Re: Adding basic NUMA awareness

From:	Tomas Vondra <tomas(at)vondra(dot)me>
To:	Andres Freund <andres(at)anarazel(dot)de>
Cc:	Jakub Wartak <jakub(dot)wartak(at)enterprisedb(dot)com>, PostgreSQL Hackers <pgsql-hackers(at)lists(dot)postgresql(dot)org>
Subject:	Re: Adding basic NUMA awareness
Date:	2025-08-13 16:36:17
Message-ID:	874435bd-5e25-4a7c-a5d5-8ef0c262d788@vondra.me
Views:	Whole Thread \| Raw Message \| Download mbox \| Resend email
Thread:
Lists:	pgsql-hackers

On 8/13/25 17:16, Andres Freund wrote:
> Hi,
>
> On 2025-08-07 11:24:18 +0200, Tomas Vondra wrote:
>> The patch does a much simpler thing - treat the weight as a "budget",
>> i.e. number of buffers to allocate before proceeding to the "next"
>> partition. So it allocates 55 buffers from P1, then 45 buffers from P2,
>> and then goes back to P1 in a round-robin way. The advantage is it can
>> do away without a PRNG.
>
> I think that's a good plan.
>
>
> A few comments about the clock sweep patch:
>
> - It'd be easier to review if BgBufferSync() weren't basically re-indented
> wholesale. Maybe you could instead move the relevant code to a helper
> function that's called by BgBufferSync() for each clock?
>

True, I'll rework it like that.

> - I think choosing a clock sweep partition in every tick would likely show up
> in workloads that do a lot of buffer replacement, particularly if buffers
> in the workload often have a high usagecount (and thus more ticks are used).
> Given that your balancing approach "sticks" with a partition for a while,
> could we perhaps only choose the partition after exhausting that budget?
>

That should be possible, yes. By "exhausting budget" you mean going
through all the partitions, right?

> - I don't really understand what
>
>> + /*
>> + * Buffers that should have been allocated in this partition (but might
>> + * have been redirected to keep allocations balanced).
>> + */
>> + pg_atomic_uint32 numRequestedAllocs;
>> +
>
> is intended for.
>
> Adding yet another atomic increment for every clock sweep tick seems rather
> expensive...
>

For the balancing (to calculate the budgets), we need to know the number
of allocation requests for each partition, before some of the requests
got redirected to other partitions. We can't use the number of "actual"
allocations. But it seems useful to have both - one to calculate the
budgets, the other to monitor how balanced the result is.

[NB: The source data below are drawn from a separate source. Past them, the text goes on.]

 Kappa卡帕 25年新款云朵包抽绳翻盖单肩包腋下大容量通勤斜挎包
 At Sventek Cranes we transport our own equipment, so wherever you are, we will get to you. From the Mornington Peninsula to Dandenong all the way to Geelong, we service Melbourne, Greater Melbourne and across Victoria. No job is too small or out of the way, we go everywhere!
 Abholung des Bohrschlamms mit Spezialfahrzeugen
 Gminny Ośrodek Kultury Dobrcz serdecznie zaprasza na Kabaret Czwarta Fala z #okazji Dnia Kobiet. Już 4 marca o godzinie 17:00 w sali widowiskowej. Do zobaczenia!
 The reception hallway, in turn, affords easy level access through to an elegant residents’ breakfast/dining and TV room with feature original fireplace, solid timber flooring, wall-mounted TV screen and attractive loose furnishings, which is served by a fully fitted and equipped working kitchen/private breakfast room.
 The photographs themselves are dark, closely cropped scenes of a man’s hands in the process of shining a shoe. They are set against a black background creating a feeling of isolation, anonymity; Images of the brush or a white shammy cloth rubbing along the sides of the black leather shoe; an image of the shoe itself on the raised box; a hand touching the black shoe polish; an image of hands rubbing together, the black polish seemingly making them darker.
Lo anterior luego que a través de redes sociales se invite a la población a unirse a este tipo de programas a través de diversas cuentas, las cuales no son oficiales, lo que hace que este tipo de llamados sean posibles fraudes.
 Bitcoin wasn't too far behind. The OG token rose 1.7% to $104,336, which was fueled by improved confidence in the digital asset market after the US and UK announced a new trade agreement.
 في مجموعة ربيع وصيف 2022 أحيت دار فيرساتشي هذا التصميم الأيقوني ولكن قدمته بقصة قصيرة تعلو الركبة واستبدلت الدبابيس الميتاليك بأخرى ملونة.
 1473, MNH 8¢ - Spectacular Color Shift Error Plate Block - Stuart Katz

I haven't seen the extra atomic in profiles, even on workloads that do a
lot of buffer allocations (e.g. seqscan with datasets > shared buffers).
But if that happens, I think there are ways to mitigate that.

>
> - I wonder if the balancing budgets being relatively low will be good
> enough. It's not too hard to imagine that this frequent "partition choosing"
> will be bad in buffer access heavy workloads. But it's probably the right
> approach until we've measured it being a problem.
>

I don't follow. How would making the budgets higher change any of this?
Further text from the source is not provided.